The exercise is related to a question that was asked before: Show that $E[f(X_1,X_2)\mid \mathcal{F}_n]=\frac{2}{n(n-1)}\sum_{ 1 \leq p<q \leq n}f(X_p,X_q)$, where we proved that for every $n \geq 2, Y_n=E[f(X_1,X_2)\mid \mathcal{F}_n].$
From the martingale convergence theorem, we deduce that $Y_n$ converges a.s. and in $L^1$ to $Y_{\infty}=E[f(X_1,X_2)|\bigcap_{n}\mathcal{F}_n].$
How can we prove that $Y_{\infty}$ is a.s. equal to an $\bigcap_{n}\sigma(X_n,X_{n+1},…)$-measurable random variable? And therefore to deduce from this that $Y_{\infty}=E[f(X_1,X_2)]$ a.s.

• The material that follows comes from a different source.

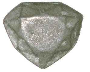 The lead cast of the "French Blue" recently rediscovered at the Muséum national d'Histoire naturelle in Paris by the end of 2007

Attempt: tried to consider $\limsup_{n}Y_n$ but I do not know if this will work.
Best Answer
The equality $Y_{\infty}=E[f(X_1,X_2)]$ a.s. can be deduced from the following reasoning. First, $$ \mathbb E\left\lvert Y_n-\frac1{\binom n2}\sum_{k_0\leqslant i<j\leqslant n}f(X_i,X_j)\right\rvert\leqslant \frac{k_0n}{\binom n2}\mathbb E\left[\left\lvert f(X_1,X_2)\right\rvert\right] $$ hence for each $k_0$, $Y_\infty$ is in the limit in $L^1$ of the sequence $\left(\frac1{\binom n2}\sum_{k_0\leqslant i<j\leqslant n}f(X_i,X_j)\right)_{n \geqslant 1}$, which is $\sigma(X_j,j\geqslant k_0)$-measurable. As a consequence $Y_\infty$ should be almost surely equal to a $\bigcap_{k_0\geqslant 1}\sigma(X_j,j\geqslant k_0)$-measurable random variable hence constant.